Emerging from a long line outside a caucus site on Saturday, Clark County Democratic Party Chairwoman Donna West said the election remains “wide open,” citing Klobuchar as an example of a candidate who is “coming on strong.”
Yet, Sanders was impossible to ignore.
“I mean, they have 250 staffers, and I’m sure they brought more in from Iowa,” West said. “They are staffed up … The gentleman who was behind me in line said the only campaign he’d heard from was the Sanders campaign.”
The Nevada Poll released on Friday had Sanders running at 25 percent, followed by Biden at 18 percent and Warren at 13 percent. And as other campaigns arrived at the Tropicana for the Democratic gala on Saturday night, they opened their programs to find the Vermont senator — in a full-page ad on the inside cover — staring back at them.
Megan Jones, a Nevada-based Democratic consultant who advised Kamala Harris’ presidential campaign, said it is possible that Biden or Warren could revive their candidacies in the caucuses.
Still, she said, “Any of these candidates are going to be hard pressed to get 30 percent of the vote.”
Even for Sanders, Jones said, “There’s no doubt that he has the best organization for the long haul.

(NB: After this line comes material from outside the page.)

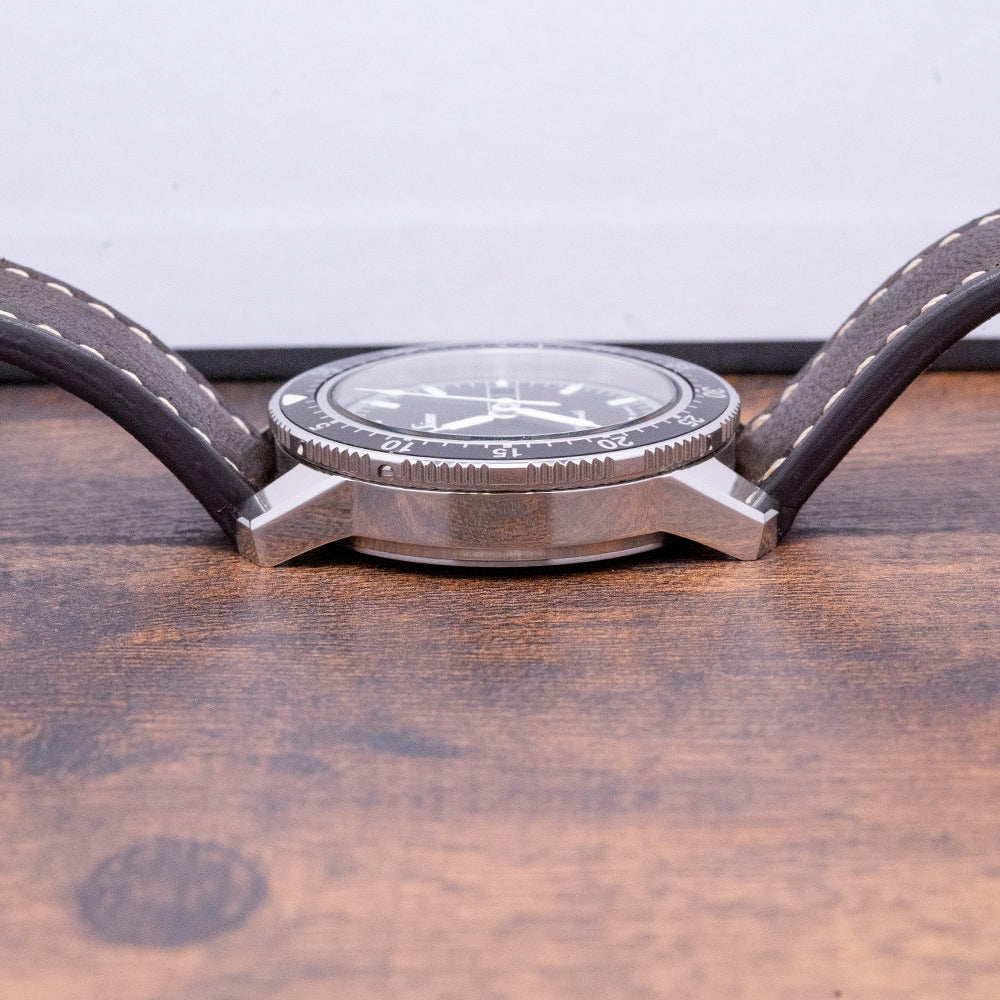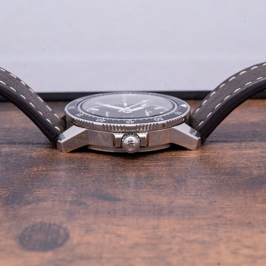 Here we have a 2023 Sinn 104 ST SA which has become the signature watch for Sinn, its polished 40mm stainless steel case has a very comfortable lug-to-lug length of 47.5mm and a case thickness of 11.5mm. A screw-down crown sits on the right side protected by shoulders, and a bi-directional Pilots bezel with a black aluminium 60-minute countdown insert. Sapphire crystal AR coated on both sides protects a black dial, an outer minute track precisely executed with hourly baton markers coated in Super LumiNova clearly indicates the hours and a day-date window sits at 3 o’clock. Syringe hands with Super-LumiNova lume infill complemented by an arrow point sweeping second hand, and at 12 o’clock we have the Sinn motif with “Automatic'' printed at 6 o’clock to complete this highly legible pilot's watch. On the back, we have a screw-down exhibition case back, inside an automatic Sellita SW-220-1, 26 jewels, and 28,800 beats per hour. The watch comes fitted on a Sinn 20mm vintage style leather strap with a signed buckle and the watch comes with its Sinn presentation box, swing tag, spring bar removal tool and paperwork.

But if he doesn’t get above 25ish, 25 percent in any of these states, what does that mean? I think it might mean that we go to a brokered convention, or I think Bloomberg, while I think he definitely is in it to win it, I think he also is in it to make sure Bernie doesn’t.”
Norman Solomon, a co-founder of the pro-Sanders online activist group RootsAction.org, said Bloomberg does represent a “rising fear,” if only because of the money he can spend.
But he likened moderate Democrats’ inability to settle on a candidate in the early-voting states to an identity crisis — in part of Sanders’ making.
“The establishment,” he said, “seems almost clueless about what they have to offer.”
Marc Caputo contributed to this report.